Isabella vide e corse ai genitori.
– Mamma, papà, scusate, non l’ho detto in tempo. Avevo paura non me lo approvassero. Ma Luca è un brav’uomo, e Sofia mi ama.
– Siamo contenti che ti senti felice, – strinse sua madre. – Ma non sparire così a lungo, d’accordo?
Quando si separarono, era ormai mezzanotte. Si scambiarono i numeri di telefono e si incontrarono a due giorni per esaminare la stanza del bar.
– Grazie per questa fantastica serata, – disse Nicolas. – Chi mai avrebbe pensato che avrei trovato una squadra così?
Chiudendo la porta ad ultimo ospite, Anna si girò verso Vittorio.
– Vitt, sei scontento per il bar?
– Che bar, quando abbiamo visto un vero spettacolo! – rise lui. – Sai, mi sembra che abbiamo un bar geniale.
– Nostro? – si meravigliò Anna.
– Certo!

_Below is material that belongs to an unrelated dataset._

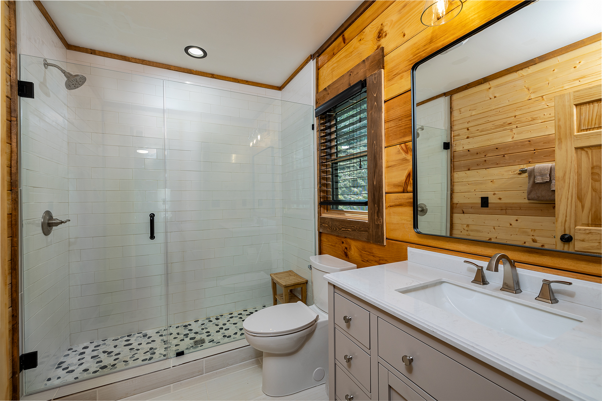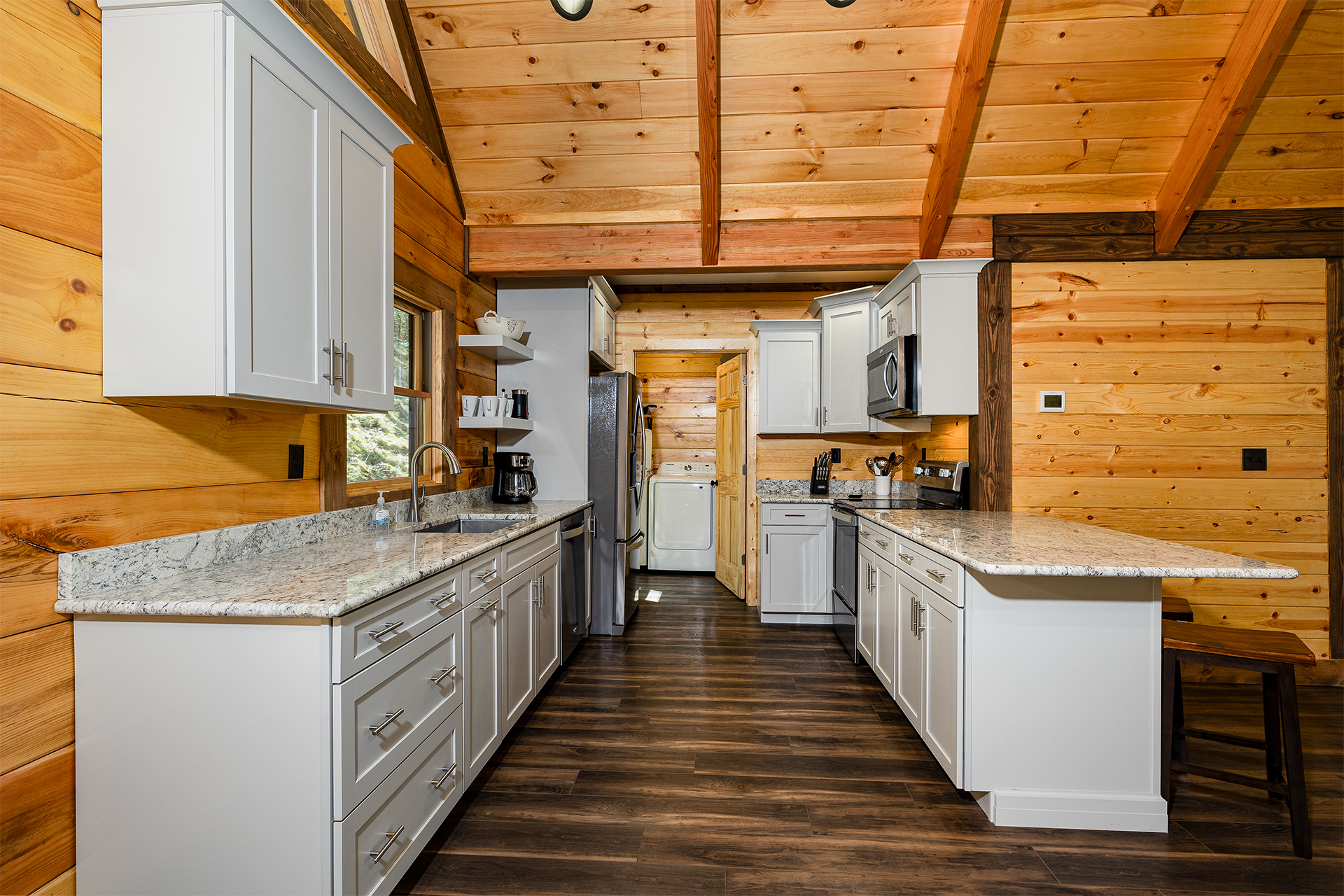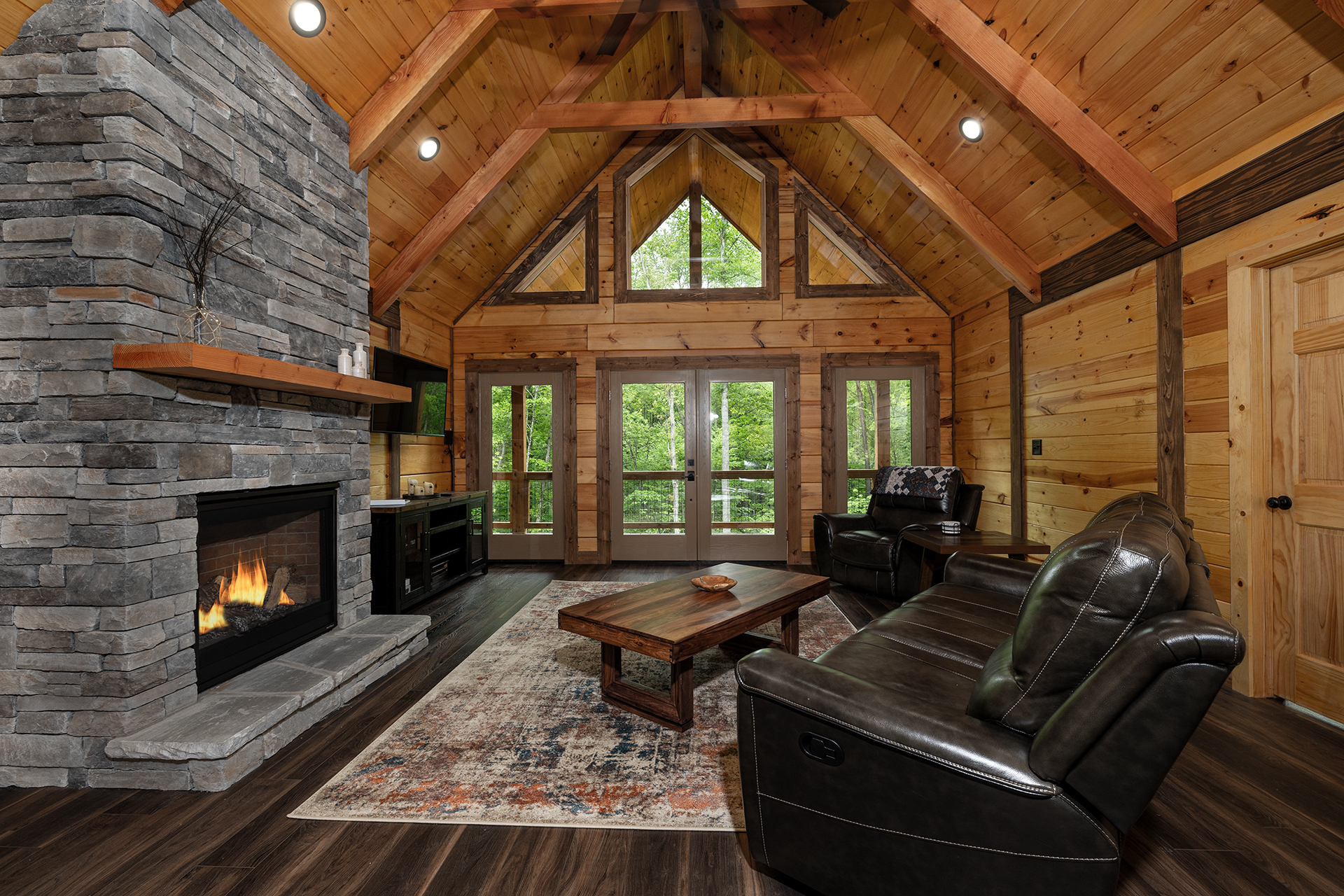With its natural wood accents, soaring windows, and vaulted ceilings, this cozy cabin exudes an aura of warm hospitality and relaxation. The well-appointed kitchen is complete with stainless steel appliances and stocked to accommodate all your culinary needs for a delightful vacation experience. Whether you prefer casual barstool seating in the kitchen or a more formal dining setting at the adjacent table for six, the options for enjoying meals are plentiful. Adjacent to the kitchen is the living room, beckoning with plush recliner seating arrangements encircling a cozy fireplace and TV with streaming service capabilities, offering the perfect setting for endless relaxation. French doors seamlessly connect the indoor and outdoor spaces, inviting you to extend your leisure onto the deck. The cabin also provides three bedrooms, each boasting its own private ensuite bathroom. The master suite offers a sumptuous king-size bed, while the additional bedrooms are furnished with comfortable queen-size beds, ensuring a restful night's sleep for all guests.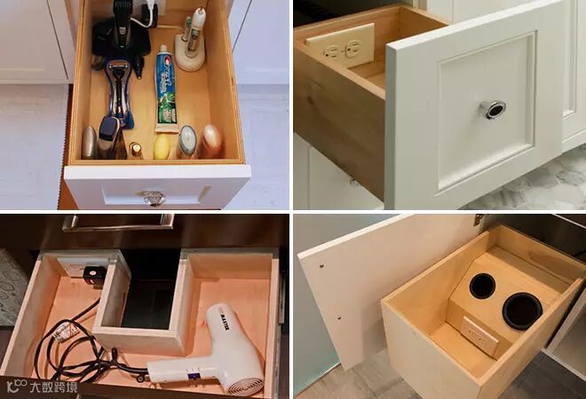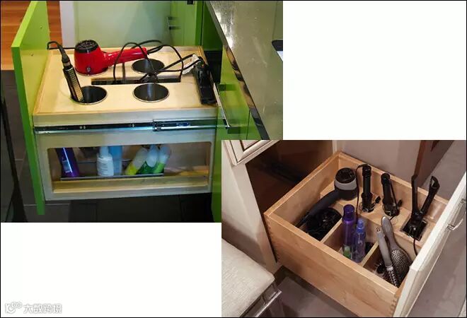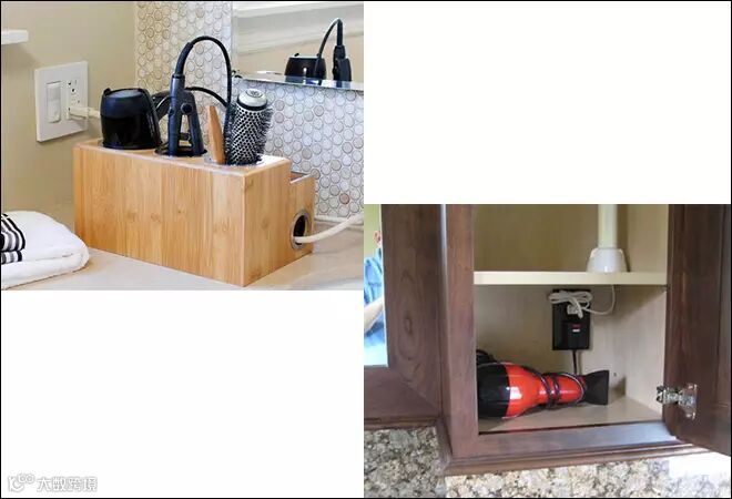 ▲这个方法最为简单,买个抽屉较多的浴室柜就好了。选定专门存放吹风机的抽屉,然后在里边安装一个小插座,省时省力,非常便利。

L’ho sentito quando le hai promesso di creare il menu. A chi se non a uno scrittore, inventando nomi bei bei per i cibi?
Anna rise e lo abbracciò.
– È stato solo un incontro che nessuno voleva.
– Non dirmi, – sorrise Vittorio. – Mi sembra il destino l’abbia atteso.

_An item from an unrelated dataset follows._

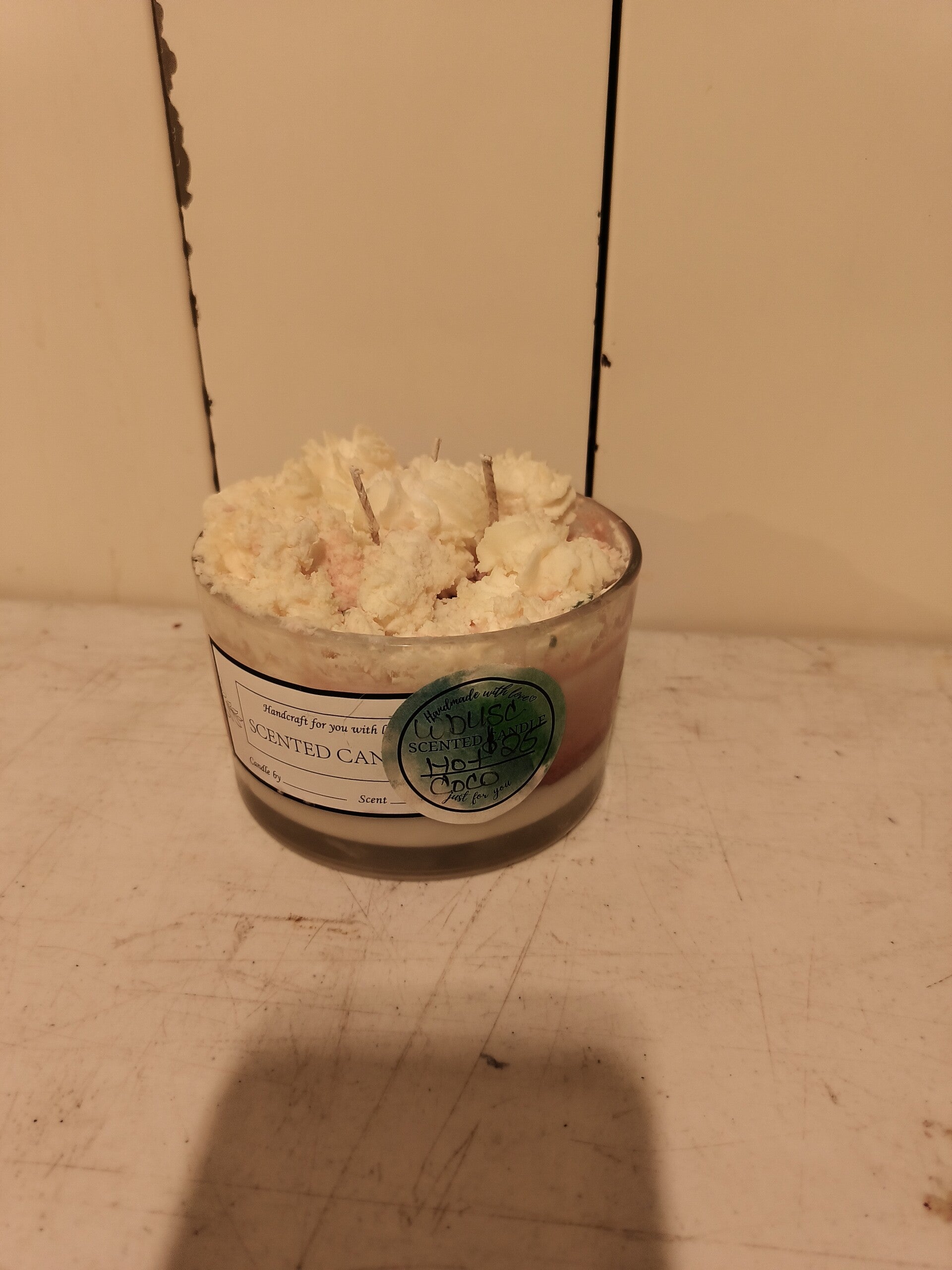 smell like frsh brewed hot chocolate, hand made with love using soy wax, the candle is brown with white whipped cream topping.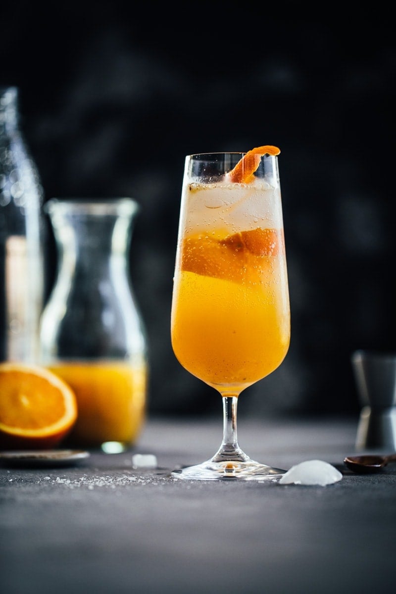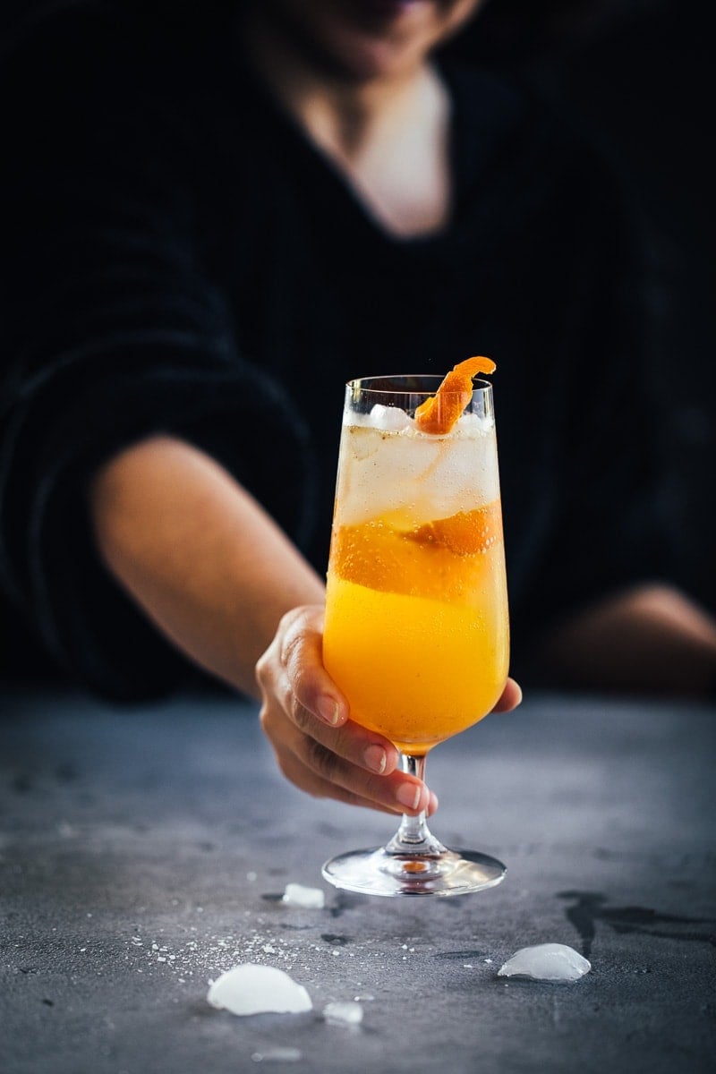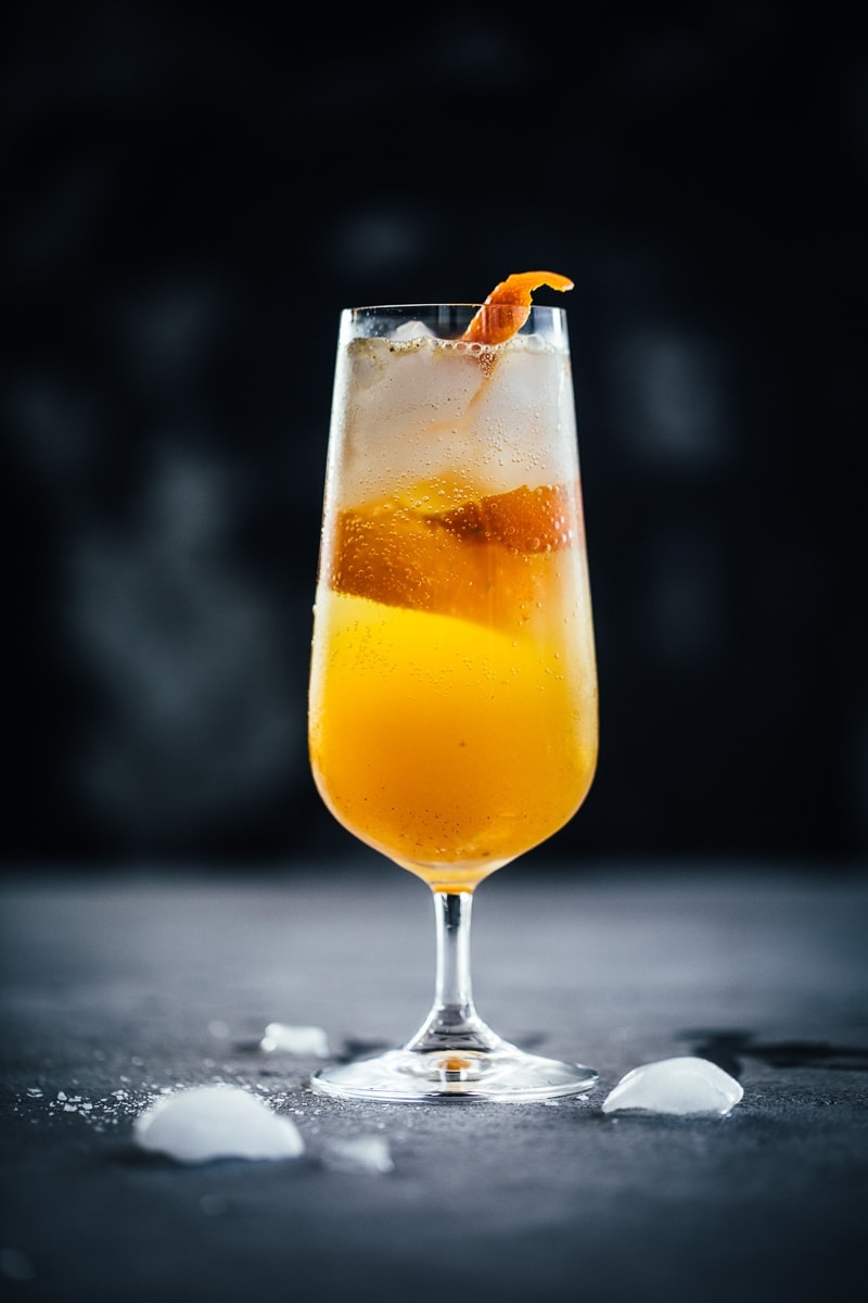 Place ice cubes in a 400ml stemmed cocktail glass. Arrange the orange peel strip along the inside of the glass in a spiral fashion.

Stavano in mezzo alla sala, tra il piatto sporco e i resti, ma entrambi sentivano che un’altra vita importante era nata. La famiglia, che da anni era frammentata, era evidentemente ritornata. E ci furono anche nuovi membri.
E lo fu grazie a un incontro che nessuno realmente attendeva.